Ini bener-bener pemandangan yang nggak bisa setiap hari kita saksikan, gan… Cuma
para traveler yang bisa menikmati
hal-hal seperti ini, huahahah…. (ketawa bangga)
 |
Samar-samar selat Bali pun terlihat. |
 |
Pucuk-pucuk pohon di samping jalan. |
Sekitar satu jam berjalan, sampailah truk kita di basecamp-nya para penambang. Awalnya
kita bingung, ini kita diturunin di mana, ya…? Soalnya waktu saya ke sini dulu
nggak pernah ngedatengin basecemp ini
sama sekali. Oh, ternyata kita masih harus jalan lagi sekitar 50 meteran menuju
Paltuding dan area buat turis.
 |
Lewat situ tuh kalo mau ke Paltuding |
Nyampai Paltuding, kita pun lagi-lagi masih bingung dan muter-muter
lagi dimana beli tiket buat masuk. Oh… ternyata loketnya itu cuma berupa tenda dome yang didirikan di dekat gapura trek
pendakian menuju puncak Ijen. Setelah beli tiket (5 ribu per orang), Ivan dan
Ahmad yang bertubuh subur berangkat terlebih dahulu (soalnya pasti nanti mereka
kesalip juga, hehe…9989x). Sementara saya, Angga, dan Danang mbantu-mbantu
teman serombongan ngediriin tenda dulu. Mereka ini rencananya mau nge-camp di sini buat lihat blue fire malam nanti. Dan mereka pun juga punya niat mau lihat-lihat kondisi trek dulu setelah mendirikan tenda. Karenanya, kita okelah habis ini nanjak bareng-bareng.
 |
'Mbantu' temen serombongan mendirikan tenda. |
 |
Tenda dome yang ngerangkap jadi loket. |
Setelah tenda berdiri, sekitar pukul 08.32 kita pun
berangkat. Awalnya yang berangkat sih sembilan orang, tapi entah kenapa
rombongan si mas plus ketiga cewek temennya tiba-tiba balik kucing. Jadilah
yang mendaki ini tinggal Angga, Danang, saya, dan dua sekawan yang kesemuanya
cewek petualang itu.
Belum jauh melangkah, ternyata kita udah nemuin
beberapa pengunjung yang udah ngos-ngosan. Ya… wajar sih. Yang datang ke sini sebagian
besar mungkin bukan mereka yang sering mendaki gunung, melainkan para keluarga atau
mereka yang berniat melakukan darmawisata. Jadi ya gitu lah… tiap beberapa
meter melangkah, pasti kita ketemu sama mereka yang beristirahat di tepi jalan.

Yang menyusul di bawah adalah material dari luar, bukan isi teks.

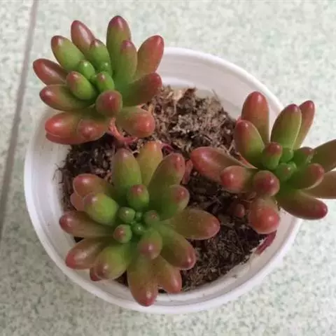 秋冬季节气温降低,光照增强,肉质叶片逐渐变为红色,因此栽培过程中人为降温可提高观赏价值。冬季室温不宜低于5℃。虹之玉喜光,整个生长期应使之充分见光。但夏季曝晒会造成叶片日灼,可适当遮光或半日晒(和前面生长习性的描述有矛盾,关于遮光),中午应避免烈日直射。虹之玉生长缓慢,耐干旱,因此不宜大肥大水,应见干浇水且浇透,而冬季室温较低时则要减少浇水量和次数。一般一个月施一次有机液肥。夏季注意保持通风良好。耳坠草生长较快,一般栽培3年后株形开始散乱,因此应提前进行修剪。
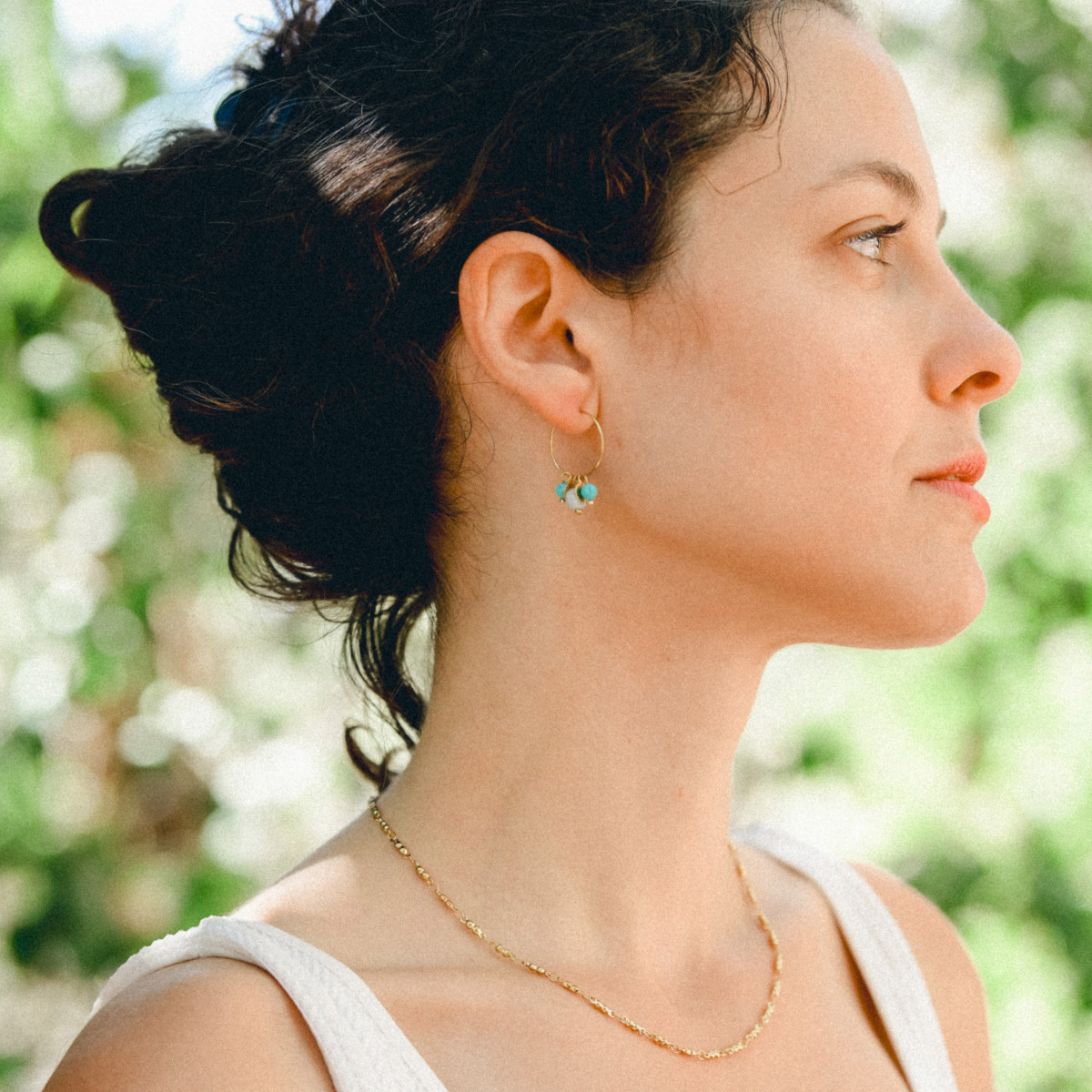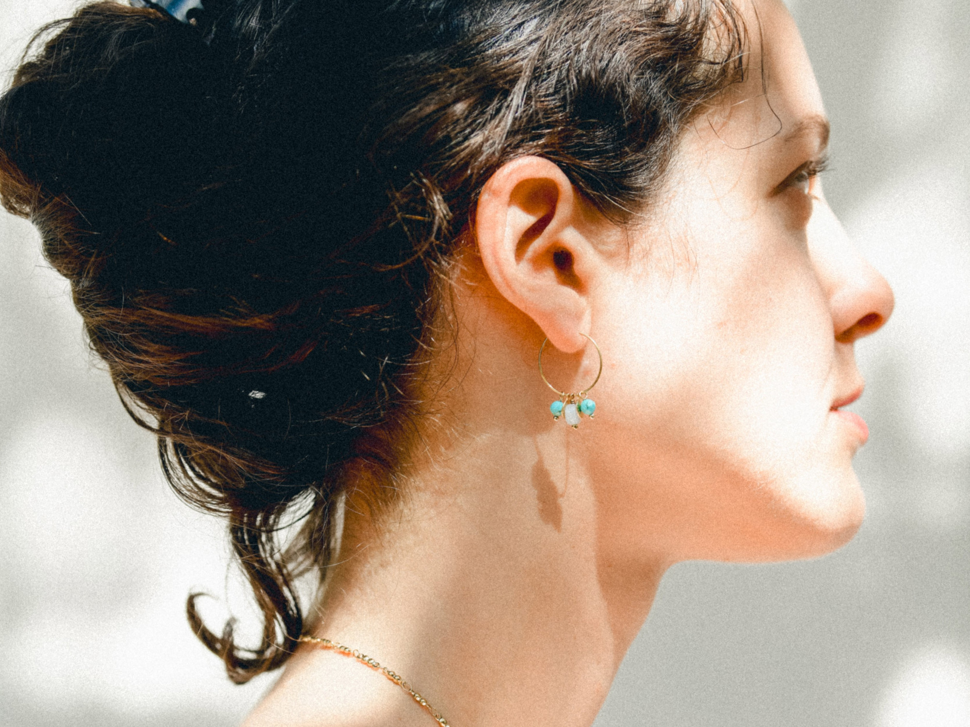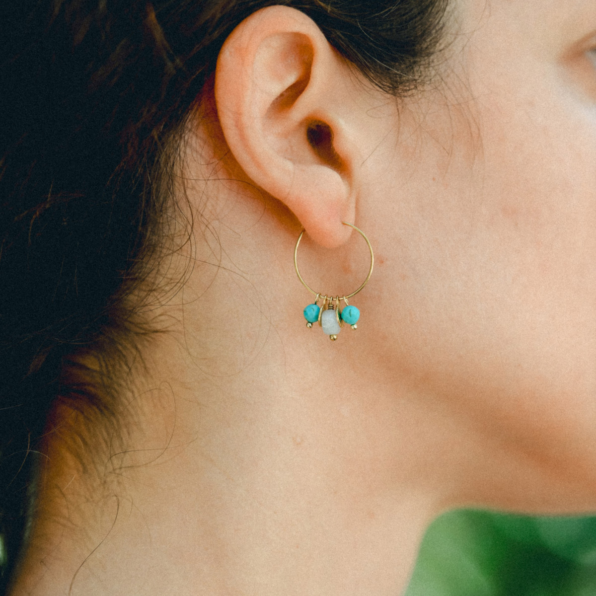 עגילי חישוק קטנים עם חרוזי אבני חן בגווני טורקיז ותכלת, בשילוב מטבעות זהובים קטנים. עגילים בעיצוב בוהו קליל, קיצי ומשמח.

Bahkan seorang ibu-ibu sampai ngeluh ke saya. “Duh, mas. Aku gendongen opo’o, mas…”, keluh si ibu
minta digendong. Entah serius apa nggak si ibu ngomong gitu (semoga sih becanda
aja ya bu, ya… hehe…9989x).
 |
Medan awalnya kayak gini nih. Nggak berat kan? |
 |
Tuh mulai nanjak |
 |
Semakin nanjak |
 |
Kalau ke kawah Ijen, nggak mungkin nggak ketemu sama bapak-bapak perkasa ini. Sebagai bentuk toleransi, kalau berpapasan biarkan mereka lewat terlebih dahulu. |
Di tengah perjalanan, saya pun berkenalan dengan dua
orang cewek petualang yang sejak kemarin terus jadi teman satu rombongan kita. Mbak yang satu namanya Tuti. Sedangkan yang satunya lagi namanya sama kayak saya, hanya saja yang
ini versi cewek, namanya Adifah, hehe…9989x. Karena udah kenal, maka perjalanan
pun semakin nyenengin soalnya saya dan Danang jadi bisa tukar cerita dengan
mereka tentang perjalanan-perjalanan kita terdahulu plus rencana-rencana ke
depannya gimana. Sedangkan Angga… lho, Angga kemana, ya? Dia sering ketinggalan
di belakang. Maklumlah, dia kan sebenernya juga agak ndut kontur tubuhnya, plus
punya penyakit asma juga. Tapi tentu tetap kita tunggu biar dia nggak
ketinggalan jauh-jauh. Medan perjalanan? Ya… namanya gunung pasti banyak nanjaknya
lah, ya… Awal-awal perjalanan medannya relatif landai. Tapi lama-lama nanjak
dan nanjak terus. Pemandangannya? Lihat di foto-foto ini aja, ya…
 |
Bekas-bekas kebakaran hutan |
 |
Sekilas mirip pohon sakura |
Sekitar 1 kilometer sebelum puncak, kita akhirnya
ketemu lagi sama Ahmad. Dia duduk selonjor sendirian di pinggir jurang. Lho,
Ivan kemana? Katanya, Ivan disuruhnya berangkat duluan. Dengan ditemenin Angga akhirnya si Ahmad kembali berangkat duluan. Sementara
keempat personil tersisa foto-foto terlebih dahulu. Foto-foto itu penting
banget lho gan, hehe…9989x.
Setelah sekitar satu setengah jam berjalan
menelusuri trek menanjak sejauh tiga kilometer, sampailah kita di… Kawah Ijen….!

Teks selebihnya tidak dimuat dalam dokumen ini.